EXERCISE AIM: No picture belongs in the copy. Repeat each line below exactly.

━━ SUPPLIED ENTRIES ━━

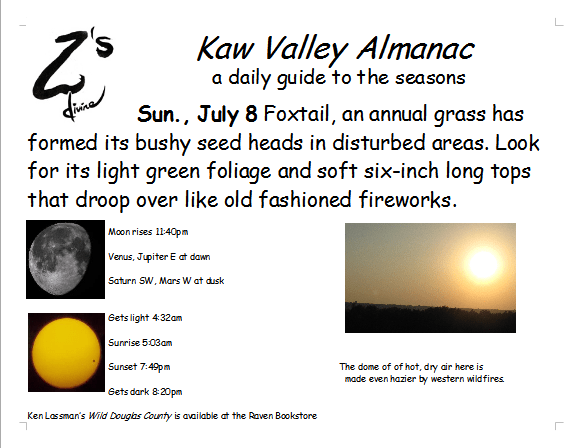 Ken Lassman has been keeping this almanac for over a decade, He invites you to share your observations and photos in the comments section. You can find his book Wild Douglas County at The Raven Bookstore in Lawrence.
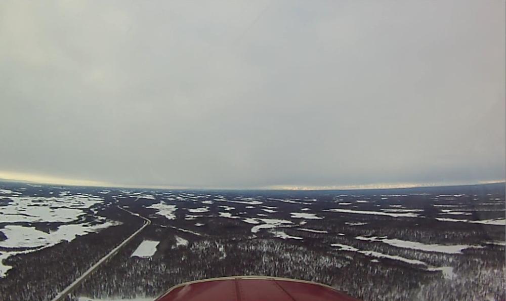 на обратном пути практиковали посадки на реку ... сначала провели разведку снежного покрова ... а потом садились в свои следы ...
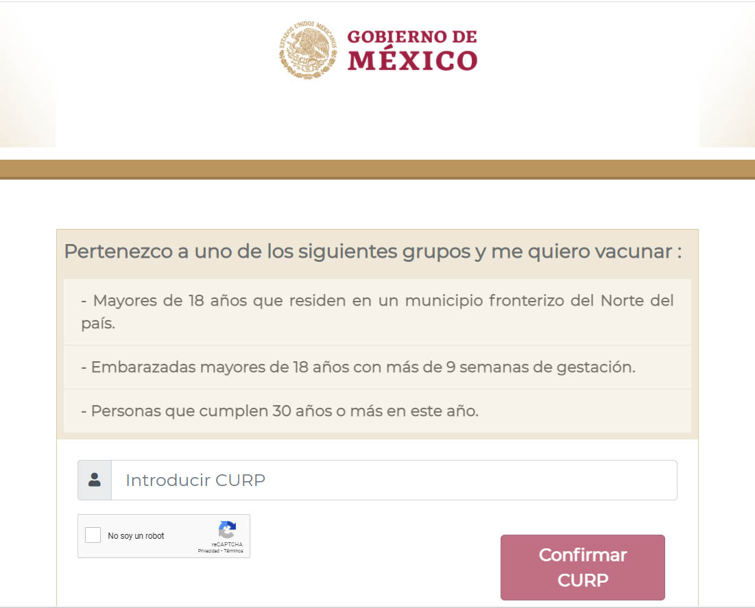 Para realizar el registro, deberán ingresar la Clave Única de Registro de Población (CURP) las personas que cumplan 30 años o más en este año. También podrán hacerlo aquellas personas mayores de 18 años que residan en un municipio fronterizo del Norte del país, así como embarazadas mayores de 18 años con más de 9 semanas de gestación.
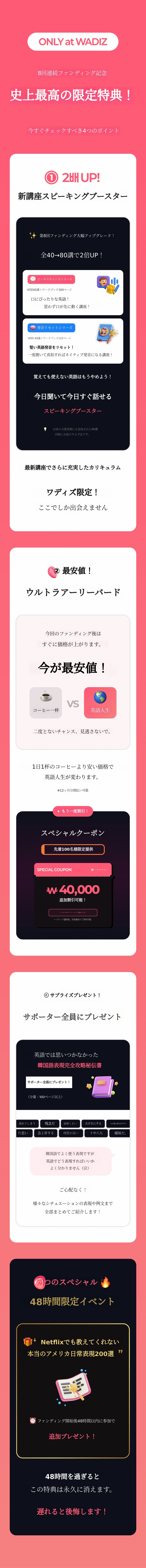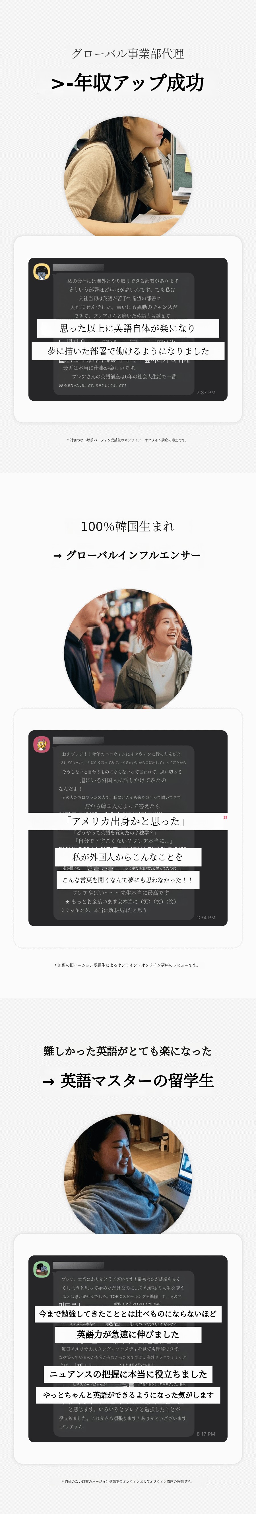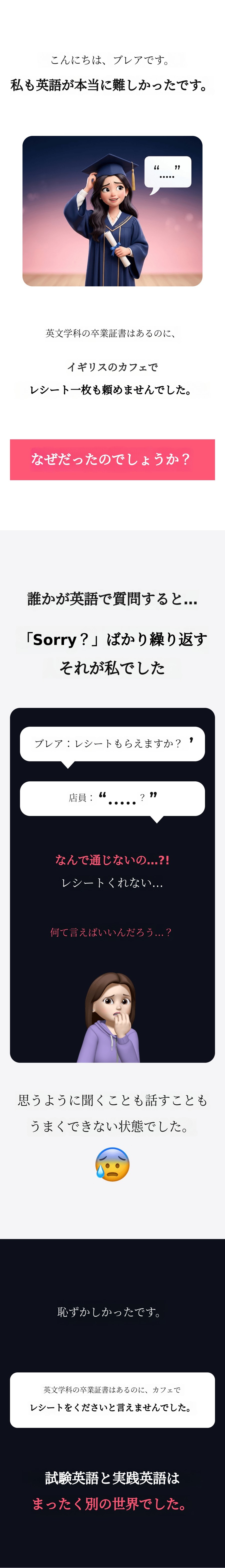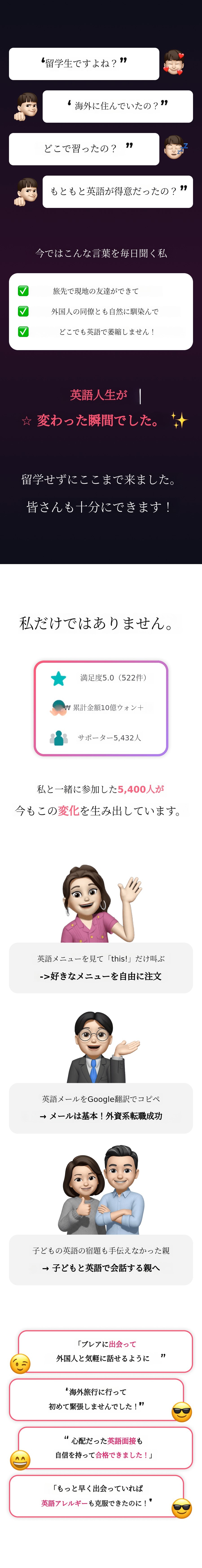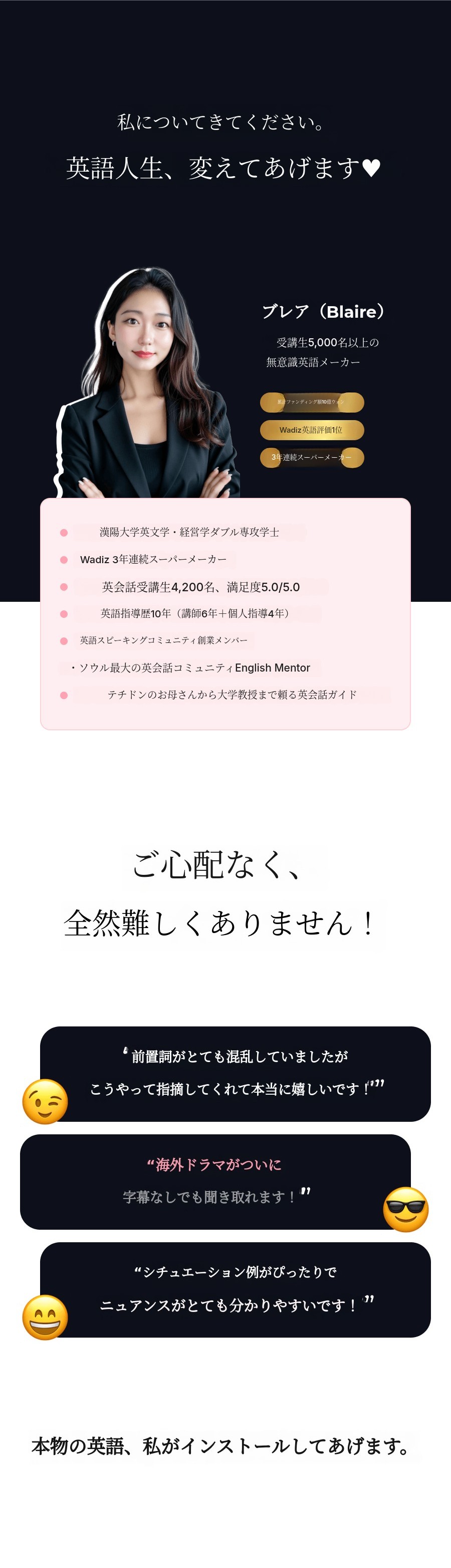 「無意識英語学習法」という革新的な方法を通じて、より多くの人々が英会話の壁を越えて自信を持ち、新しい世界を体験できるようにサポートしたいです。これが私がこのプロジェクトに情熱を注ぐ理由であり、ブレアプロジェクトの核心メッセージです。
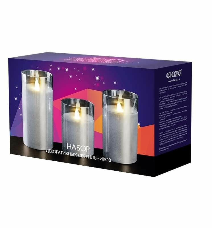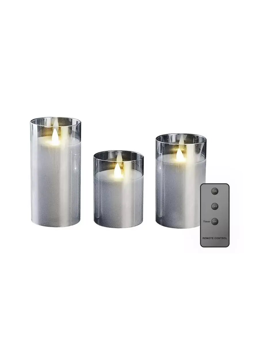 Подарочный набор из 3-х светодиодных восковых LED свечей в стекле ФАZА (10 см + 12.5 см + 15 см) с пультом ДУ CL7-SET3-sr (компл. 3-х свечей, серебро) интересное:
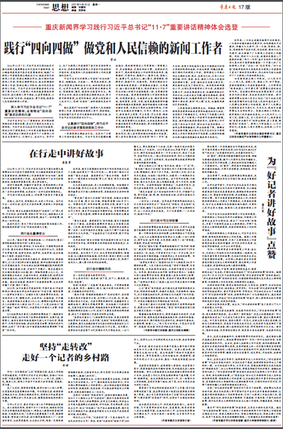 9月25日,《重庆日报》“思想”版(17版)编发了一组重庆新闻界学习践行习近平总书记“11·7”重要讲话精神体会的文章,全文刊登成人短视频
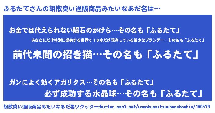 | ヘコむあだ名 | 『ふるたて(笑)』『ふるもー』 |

━━━

ANSWER TO THIS TASK:
 Ken Lassman has been keeping this almanac for over a decade, He invites you to share your observations and photos in the comments section. You can find his book Wild Douglas County at The Raven Bookstore in Lawrence.
 на обратном пути практиковали посадки на реку ... сначала провели разведку снежного покрова ... а потом садились в свои следы ...
 Para realizar el registro, deberán ingresar la Clave Única de Registro de Población (CURP) las personas que cumplan 30 años o más en este año. También podrán hacerlo aquellas personas mayores de 18 años que residan en un municipio fronterizo del Norte del país, así como embarazadas mayores de 18 años con más de 9 semanas de gestación.
 「無意識英語学習法」という革新的な方法を通じて、より多くの人々が英会話の壁を越えて自信を持ち、新しい世界を体験できるようにサポートしたいです。これが私がこのプロジェクトに情熱を注ぐ理由であり、ブレアプロジェクトの核心メッセージです。
 Подарочный набор из 3-х светодиодных восковых LED свечей в стекле ФАZА (10 см + 12.5 см + 15 см) с пультом ДУ CL7-SET3-sr (компл. 3-х свечей, серебро) интересное:
 9月25日,《重庆日报》“思想”版(17版)编发了一组重庆新闻界学习践行习近平总书记“11·7”重要讲话精神体会的文章,全文刊登成人短视频
 | ヘコむあだ名 | 『ふるたて(笑)』『ふるもー』 |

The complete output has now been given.